__ACTION ITEM__.
Starting with the line below that holds "中高年级的展示同样精彩纷呈。" and stopping after the line that holds "Purple Wave is", transcribe the lines exactly, leaving out all pictures.

__EXTRACTED RECORDS__.

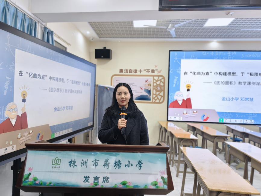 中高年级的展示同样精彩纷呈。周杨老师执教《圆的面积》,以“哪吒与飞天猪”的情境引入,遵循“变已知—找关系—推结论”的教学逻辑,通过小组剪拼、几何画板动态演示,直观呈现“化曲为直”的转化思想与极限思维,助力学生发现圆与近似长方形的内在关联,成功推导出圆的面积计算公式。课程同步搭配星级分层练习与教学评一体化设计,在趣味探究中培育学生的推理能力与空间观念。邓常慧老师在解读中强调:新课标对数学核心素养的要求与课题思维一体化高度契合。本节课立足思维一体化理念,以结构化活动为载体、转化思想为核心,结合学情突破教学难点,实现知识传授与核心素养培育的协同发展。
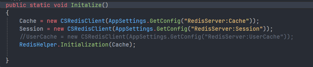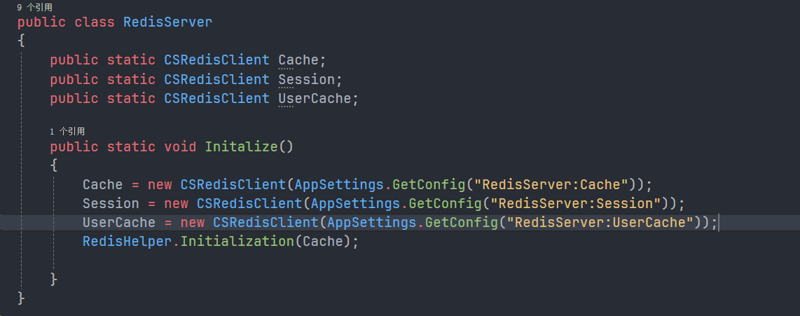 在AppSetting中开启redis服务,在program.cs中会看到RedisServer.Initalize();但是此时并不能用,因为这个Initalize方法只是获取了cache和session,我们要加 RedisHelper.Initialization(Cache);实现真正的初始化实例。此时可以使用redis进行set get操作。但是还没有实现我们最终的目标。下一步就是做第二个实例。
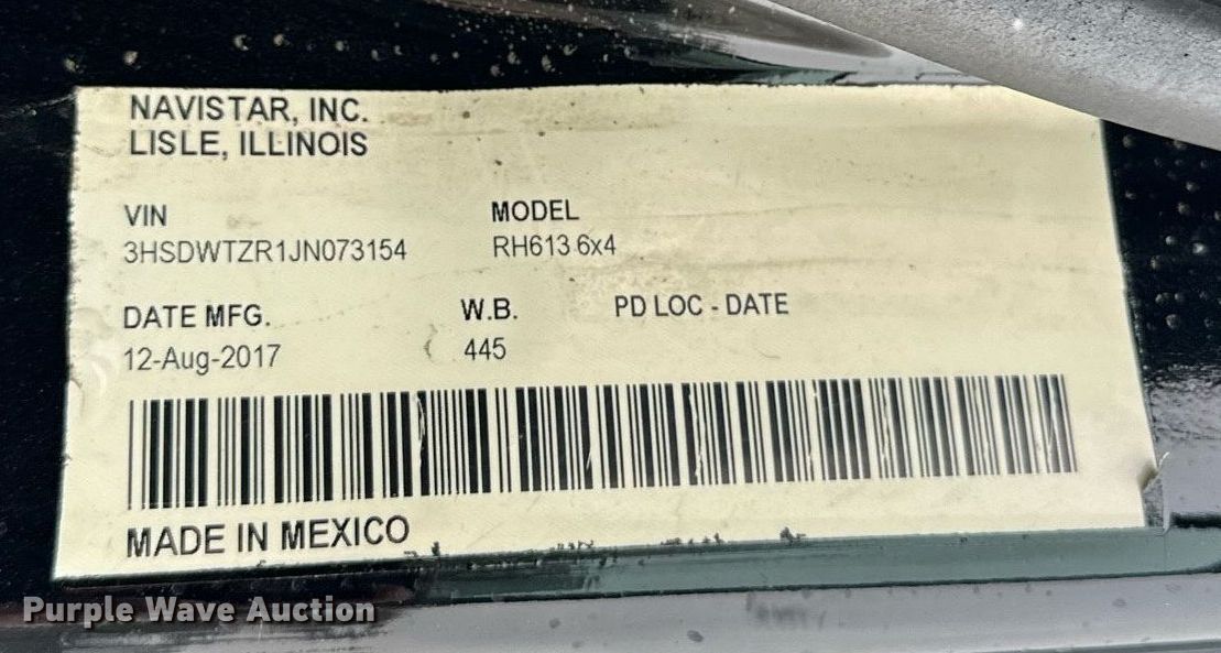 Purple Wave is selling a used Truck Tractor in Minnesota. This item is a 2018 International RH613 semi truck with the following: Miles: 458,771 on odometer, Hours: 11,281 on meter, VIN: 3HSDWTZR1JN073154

---

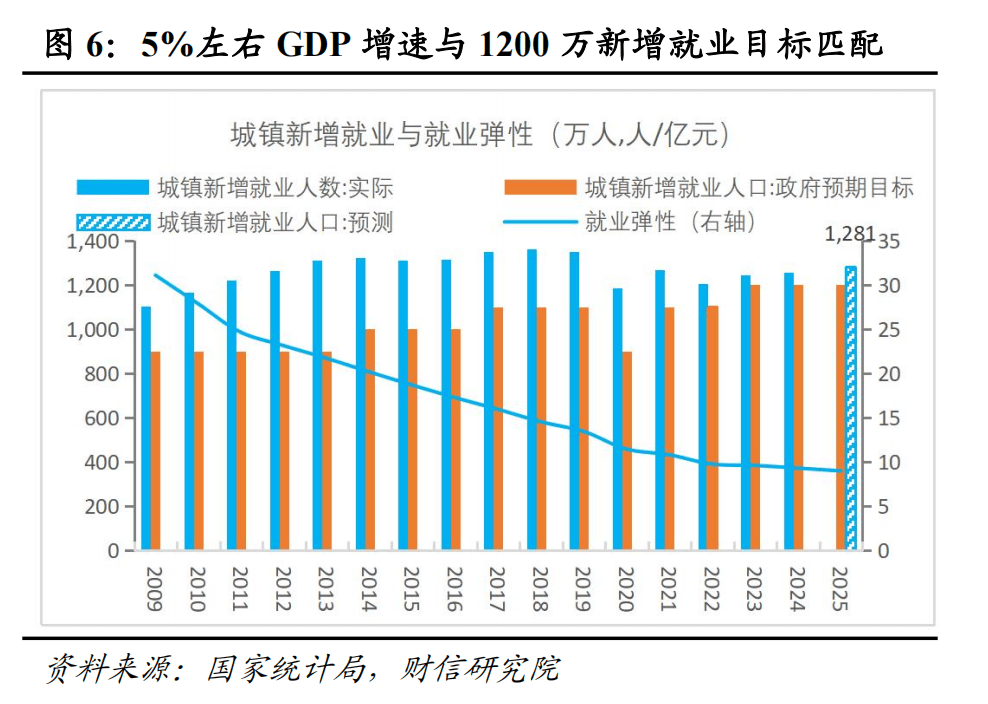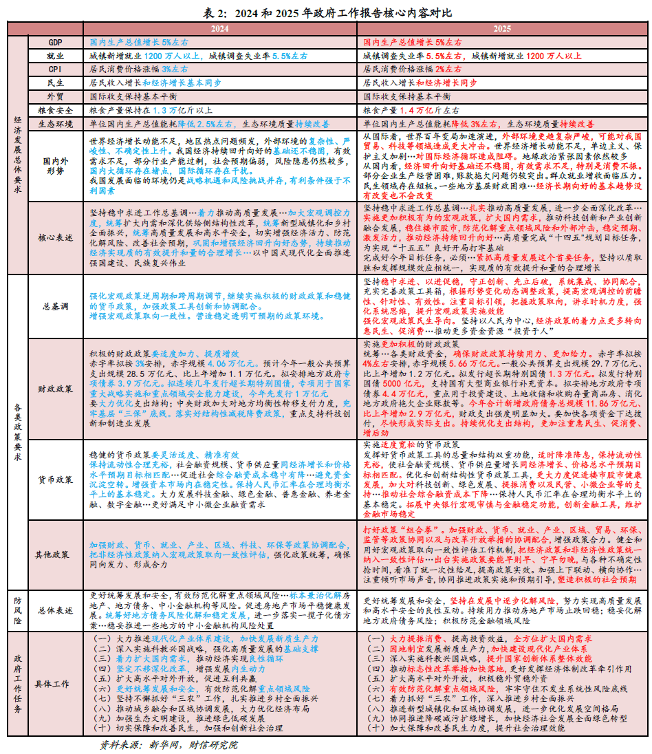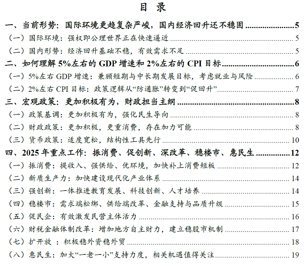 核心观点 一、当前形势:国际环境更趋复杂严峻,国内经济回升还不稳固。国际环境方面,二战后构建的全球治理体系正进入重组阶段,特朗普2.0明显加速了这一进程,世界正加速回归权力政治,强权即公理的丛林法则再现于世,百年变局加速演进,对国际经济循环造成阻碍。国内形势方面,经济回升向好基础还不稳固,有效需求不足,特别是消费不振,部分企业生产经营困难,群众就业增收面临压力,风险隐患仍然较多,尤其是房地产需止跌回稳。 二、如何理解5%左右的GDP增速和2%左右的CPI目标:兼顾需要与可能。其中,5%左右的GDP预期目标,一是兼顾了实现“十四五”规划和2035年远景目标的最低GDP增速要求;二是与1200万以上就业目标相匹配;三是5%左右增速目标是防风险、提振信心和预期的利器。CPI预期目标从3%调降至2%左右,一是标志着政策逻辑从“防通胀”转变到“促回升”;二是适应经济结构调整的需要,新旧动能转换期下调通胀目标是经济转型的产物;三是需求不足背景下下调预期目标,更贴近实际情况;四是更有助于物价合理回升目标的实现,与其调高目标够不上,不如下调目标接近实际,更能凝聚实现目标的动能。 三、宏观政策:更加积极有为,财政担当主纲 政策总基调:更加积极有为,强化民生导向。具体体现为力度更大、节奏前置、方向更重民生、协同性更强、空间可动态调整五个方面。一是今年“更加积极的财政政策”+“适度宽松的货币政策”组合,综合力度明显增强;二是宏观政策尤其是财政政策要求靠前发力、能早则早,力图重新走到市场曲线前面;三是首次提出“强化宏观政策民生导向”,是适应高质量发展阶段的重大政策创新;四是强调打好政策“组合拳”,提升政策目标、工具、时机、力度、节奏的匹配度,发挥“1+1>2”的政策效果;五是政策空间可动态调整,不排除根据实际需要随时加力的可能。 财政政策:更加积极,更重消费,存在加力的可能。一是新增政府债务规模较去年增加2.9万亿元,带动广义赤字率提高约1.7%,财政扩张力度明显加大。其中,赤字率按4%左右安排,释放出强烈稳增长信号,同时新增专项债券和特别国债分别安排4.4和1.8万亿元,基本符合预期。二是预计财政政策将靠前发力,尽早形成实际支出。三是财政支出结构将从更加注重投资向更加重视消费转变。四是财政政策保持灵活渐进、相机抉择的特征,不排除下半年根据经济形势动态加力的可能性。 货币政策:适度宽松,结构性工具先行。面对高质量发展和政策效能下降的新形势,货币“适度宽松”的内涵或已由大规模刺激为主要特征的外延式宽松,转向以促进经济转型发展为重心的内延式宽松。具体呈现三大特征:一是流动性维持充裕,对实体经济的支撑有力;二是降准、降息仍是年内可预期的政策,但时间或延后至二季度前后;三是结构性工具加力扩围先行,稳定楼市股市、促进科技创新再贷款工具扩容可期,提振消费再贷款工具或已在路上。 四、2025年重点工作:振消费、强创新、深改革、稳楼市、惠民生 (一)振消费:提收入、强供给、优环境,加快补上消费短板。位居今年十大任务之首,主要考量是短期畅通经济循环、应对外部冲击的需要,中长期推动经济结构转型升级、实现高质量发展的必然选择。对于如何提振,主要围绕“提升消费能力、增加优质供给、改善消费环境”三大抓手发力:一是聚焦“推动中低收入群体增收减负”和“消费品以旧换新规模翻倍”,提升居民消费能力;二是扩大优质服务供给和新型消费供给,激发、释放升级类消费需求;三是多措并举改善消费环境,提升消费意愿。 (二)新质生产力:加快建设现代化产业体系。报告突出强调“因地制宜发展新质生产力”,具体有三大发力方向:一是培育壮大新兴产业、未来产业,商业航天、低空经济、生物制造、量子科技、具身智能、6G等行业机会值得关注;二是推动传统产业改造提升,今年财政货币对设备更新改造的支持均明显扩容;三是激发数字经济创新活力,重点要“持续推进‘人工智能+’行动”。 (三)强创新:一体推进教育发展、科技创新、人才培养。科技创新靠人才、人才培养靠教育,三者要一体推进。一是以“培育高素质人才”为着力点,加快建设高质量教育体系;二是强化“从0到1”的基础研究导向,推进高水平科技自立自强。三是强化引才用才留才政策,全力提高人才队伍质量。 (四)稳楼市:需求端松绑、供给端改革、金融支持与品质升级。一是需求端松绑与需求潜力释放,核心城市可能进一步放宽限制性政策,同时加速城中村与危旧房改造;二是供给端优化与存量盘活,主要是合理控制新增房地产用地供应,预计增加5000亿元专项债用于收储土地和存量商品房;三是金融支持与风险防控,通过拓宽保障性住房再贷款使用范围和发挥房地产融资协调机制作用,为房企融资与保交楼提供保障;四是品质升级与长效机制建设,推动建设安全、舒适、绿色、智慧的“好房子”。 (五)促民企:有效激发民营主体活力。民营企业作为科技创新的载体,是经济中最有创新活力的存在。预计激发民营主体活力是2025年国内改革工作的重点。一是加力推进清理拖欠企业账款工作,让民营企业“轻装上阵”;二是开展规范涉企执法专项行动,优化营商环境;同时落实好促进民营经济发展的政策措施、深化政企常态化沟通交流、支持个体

...

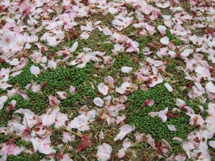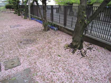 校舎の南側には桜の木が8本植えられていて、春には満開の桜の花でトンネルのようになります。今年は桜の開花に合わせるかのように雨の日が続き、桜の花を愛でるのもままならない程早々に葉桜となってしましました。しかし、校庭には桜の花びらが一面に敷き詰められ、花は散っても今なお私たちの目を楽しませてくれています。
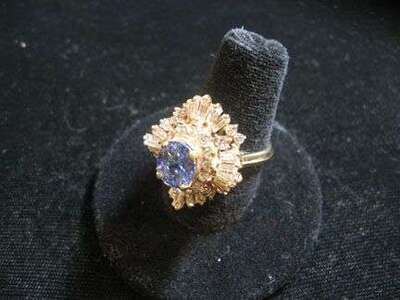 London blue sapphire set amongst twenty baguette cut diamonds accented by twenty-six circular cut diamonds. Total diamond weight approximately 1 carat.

__ANSWER AREA__.
 中高年级的展示同样精彩纷呈。周杨老师执教《圆的面积》,以“哪吒与飞天猪”的情境引入,遵循“变已知—找关系—推结论”的教学逻辑,通过小组剪拼、几何画板动态演示,直观呈现“化曲为直”的转化思想与极限思维,助力学生发现圆与近似长方形的内在关联,成功推导出圆的面积计算公式。课程同步搭配星级分层练习与教学评一体化设计,在趣味探究中培育学生的推理能力与空间观念。邓常慧老师在解读中强调:新课标对数学核心素养的要求与课题思维一体化高度契合。本节课立足思维一体化理念,以结构化活动为载体、转化思想为核心,结合学情突破教学难点,实现知识传授与核心素养培育的协同发展。
 在AppSetting中开启redis服务,在program.cs中会看到RedisServer.Initalize();但是此时并不能用,因为这个Initalize方法只是获取了cache和session,我们要加 RedisHelper.Initialization(Cache);实现真正的初始化实例。此时可以使用redis进行set get操作。但是还没有实现我们最终的目标。下一步就是做第二个实例。
 Purple Wave is selling a used Truck Tractor in Minnesota. This item is a 2018 International RH613 semi truck with the following: Miles: 458,771 on odometer, Hours: 11,281 on meter, VIN: 3HSDWTZR1JN073154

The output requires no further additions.